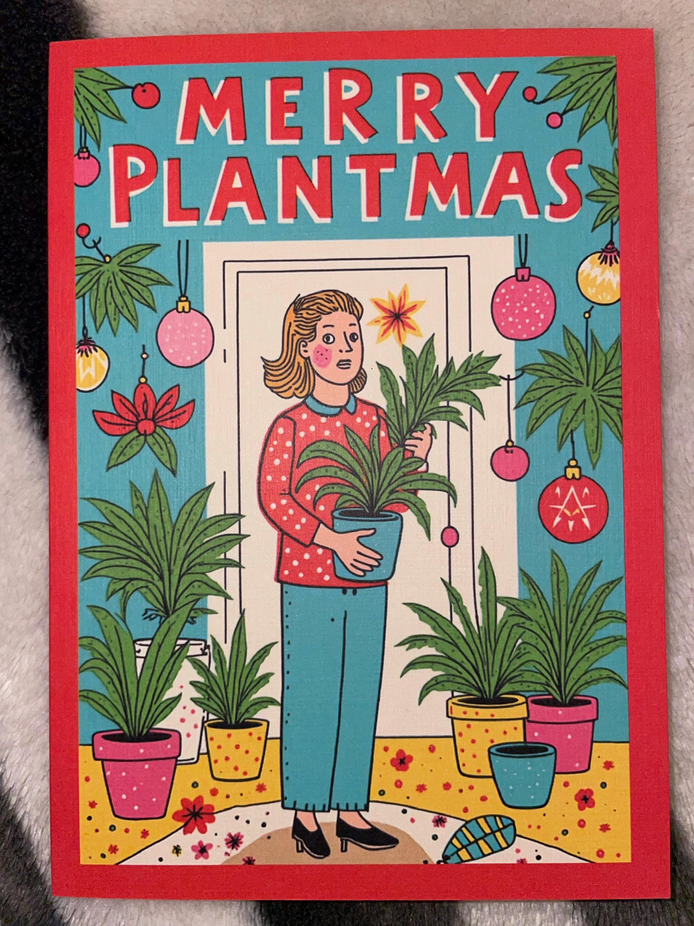 Merry Plantmas Christmas Card | Funny Retro Card for Plant Lovers | Humorous Christmas Card with Envelope
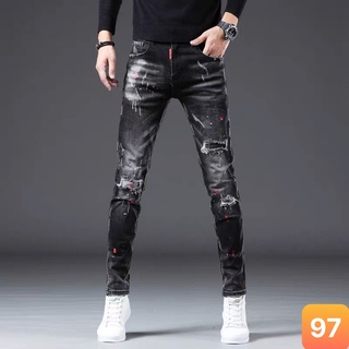 Quần jean nam màu xám đậm đen vảy sơn rách gối chất liệu bò jeans cao cấp co dãn 4 chiều đẹp form rin skinny LAVADO17
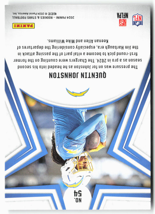This is a nice example of a 2024 Panini Rookies & Stars #54 Quentin Johnston Other important information about this card:In 2024 Quentin Johnston played for the Los Angeles Chargers.Please...
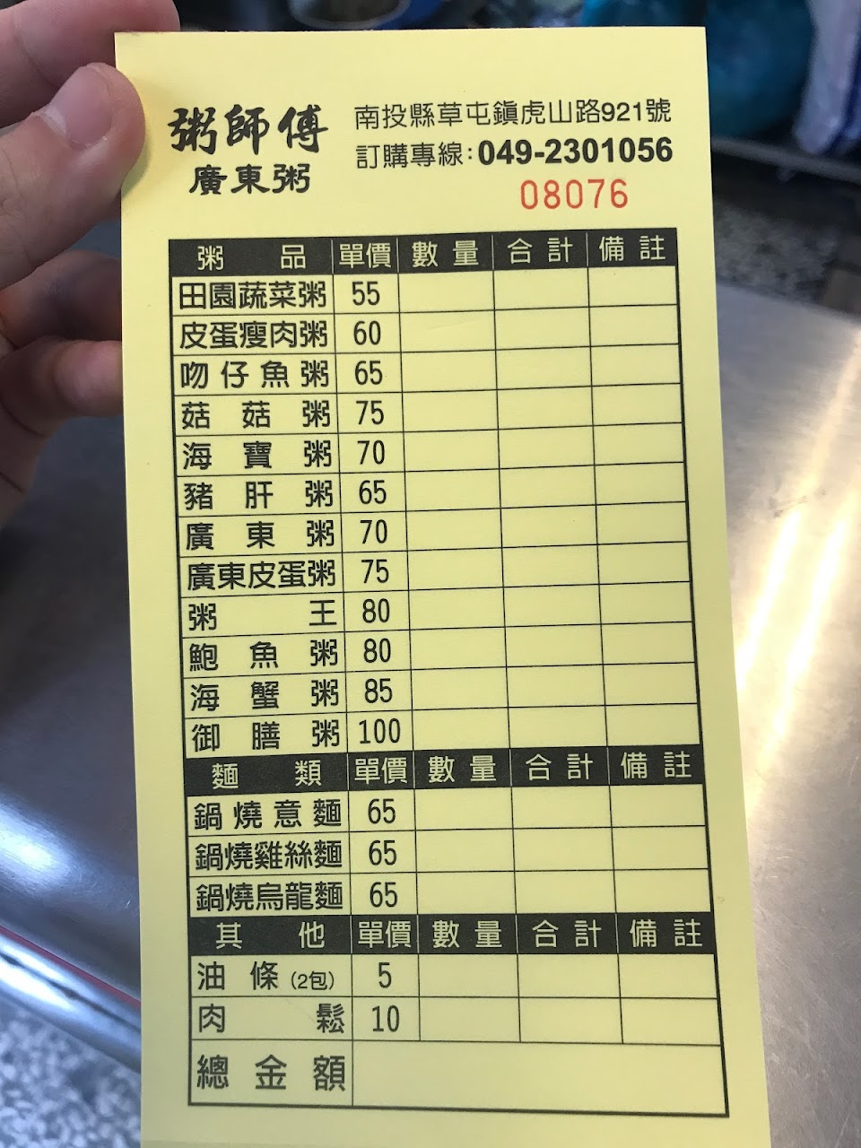 草屯粥品第一首選,口味品項多種選擇,Cp值很高 服務 外帶 餐點類型 晚餐 平均每人消費金額 $1-200

◆ ◆ ◆

Exercise goal:
Word for word, write out the whole listing, keeping none of the pictures.

Written reply:
 Merry Plantmas Christmas Card | Funny Retro Card for Plant Lovers | Humorous Christmas Card with Envelope
 Quần jean nam màu xám đậm đen vảy sơn rách gối chất liệu bò jeans cao cấp co dãn 4 chiều đẹp form rin skinny LAVADO17
This is a nice example of a 2024 Panini Rookies & Stars #54 Quentin Johnston Other important information about this card:In 2024 Quentin Johnston played for the Los Angeles Chargers.Please...
 草屯粥品第一首選,口味品項多種選擇,Cp值很高 服務 外帶 餐點類型 晚餐 平均每人消費金額 $1-200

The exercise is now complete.